Y si lo que hasta ahora se exhibe con su carta de despedida, antes del suicidio, es verdadero, en su parte central señala:

“Por eso y por los contratiempos del poder, nuestros adversarios optaron por la estrategia de criminalizarme durante más de treinta años. Pero jamás encontraron nada y los derroté nuevamente, porque nunca encontrarán más que sus especulaciones y frustraciones.

En estos tiempos de rumores y odios repetidos que las mayorías creen verdad, he visto cómo se utilizan los procedimientos para humillar, vejar y no para encontrar verdades…

He visto a otros desfilar esposados guardando su miserable existencia, pero Alan García no tiene por qué sufrir esas injusticias y circos.

Por eso, les dejo a mis hijos la dignidad de mis decisiones; a mis compañeros, una señal de orgullo. Y mi cadáver como una muestra de mi desprecio hacia mis adversarios porque ya cumplí la misión que me impuse.

Que Dios, al que voy con dignidad, proteja a los de buen corazón y a los más humildes”.

Bien lo ha dicho Víctor Andrés Ponce, el director del portal El Montonero en su columna “El último acto de Alan García” (https://elmontonero.pe/columna-del-director/el-ultimo-acto-politico-de-alan-garcia): “Prefirió el suicidio a la humillación de ser fotografiado con esposas y chaleco de recluso para alimentar las portadas y los reportajes de sus enemigos, y sin que mediara un juicio. García iba a ser detenido sin acusación fiscal y las vanidades de sus adversarios políticos —entre ellos el fiscal Domingo Pérez, el indescifrable personaje Gustavo Gorriti e IDL- Reporteros—iban a inflarse hasta reventar. Pero García tomó una decisión personal: el suicidio”.

Ojo a quien señala: Gustavo Gorriti e IDL-Reporteros (https://idl-reporteros.pe/) lo que en el Ecuador serían Villavicencio o Ricaurte, con sus supuestas entidades de investigación y protección a los periodistas. Han sido iguales en su acción contra dirigentes políticos, que sin ser perfectos, inmaculados, posiblemente cometieron errores, pero jamás tuvieron un proceso justo y libre de linchamiento mediático, como ha ocurrido ya con Lula, Cristina Fernández, Jorge Glas y Rafael Correa. Que no serán los últimos tampoco.

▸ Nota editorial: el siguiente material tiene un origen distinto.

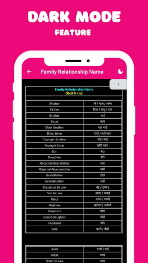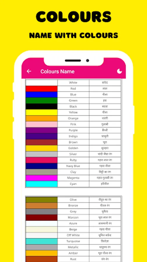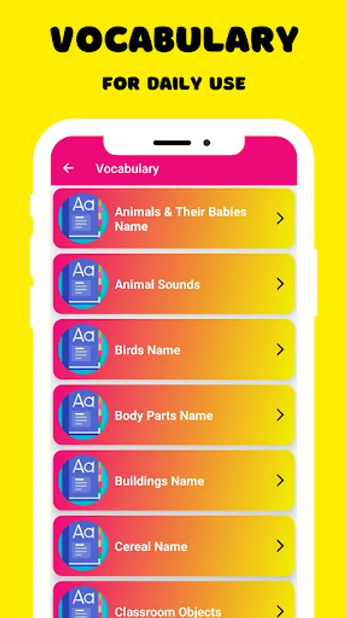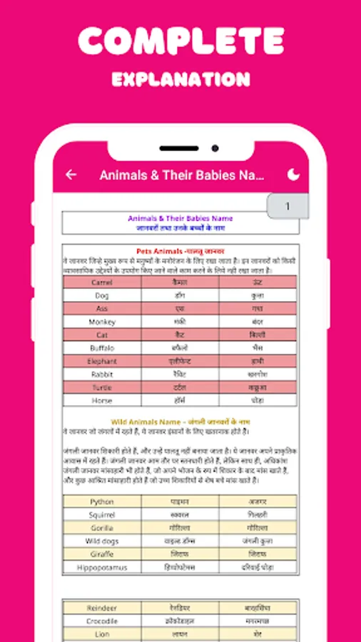 Vocabulary Builder: The app offers a vast collection of English and Hindi words and phrases, along with their meanings and usage. The words are classified into different categories such as animals, fruits, vegetables, body parts, etc., making it easy for you to learn and remember them.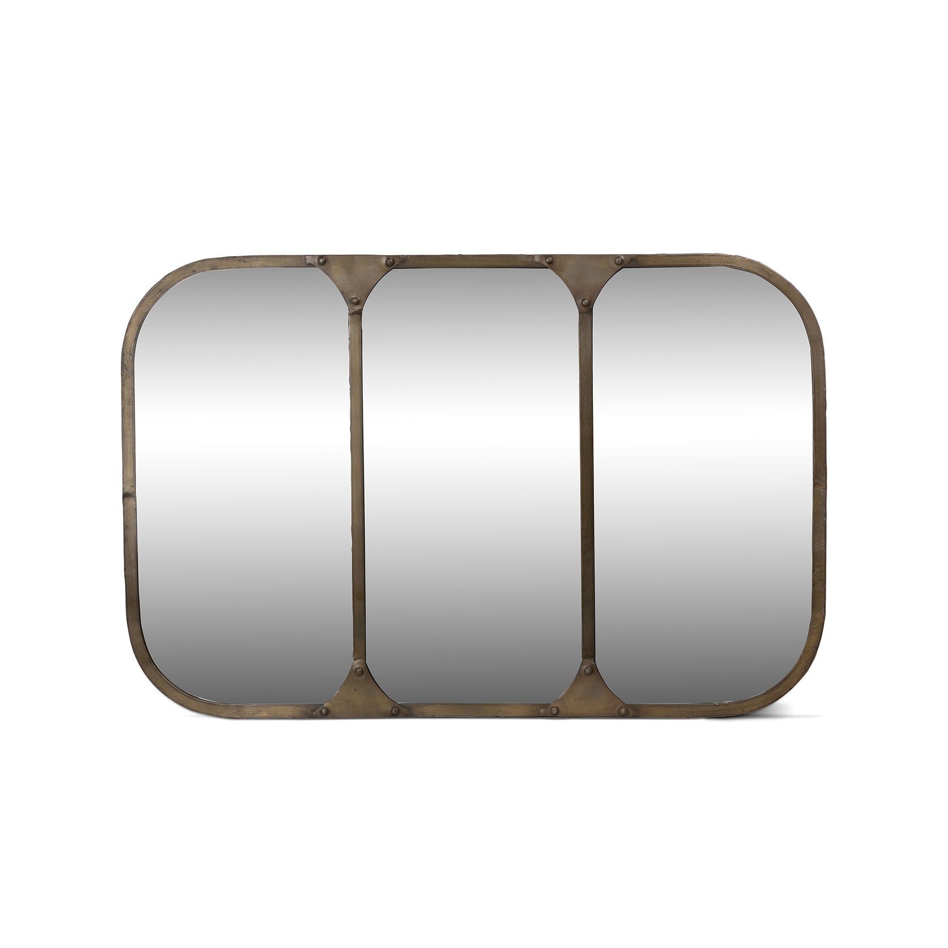 A: A stylish wall mirror featuring a sleek iron frame with a brass finish, designed for durability and timeless elegance.

De ahí que cabe reproducir lo que dice Ponce en su columna, porque parece igual para todos los casos, tal como hicieron conmigo también:

“La decisión del ex jefe de Estado puso contra la pared a sus adversarios. Hoy existe un antes y un después para la estrategia de Domingo Pérez e IDL-Reporteros de promover detenciones sin acusación fiscal ni juicios. Hoy, de una u otra manera, ha terminado el reino del terror fiscal, que avanzaba con la indiferencia y el silencio de la Junta de Fiscales Supremos. Hoy igualmente ha terminado la temporada circense en la que las detenciones alimentaban la popularidad de una supuesta ola anticorrupción, sin que los fiscales acusaran a nadie”.

La temporada circense quizá y ojalá termine en Perú. El golpe ha sido certero y ha tocado las membranas de una sociedad, como otras, condicionada a la opinión impuesta por los medios. Pero en el resto de América si no hay suicidios o acciones simbólicas contundentes los medios y ciertos actores (con sus respectivas ONG) seguirán acribillando la imagen de quienes no se someten a sus moralidades y supuestas virtudes éticas.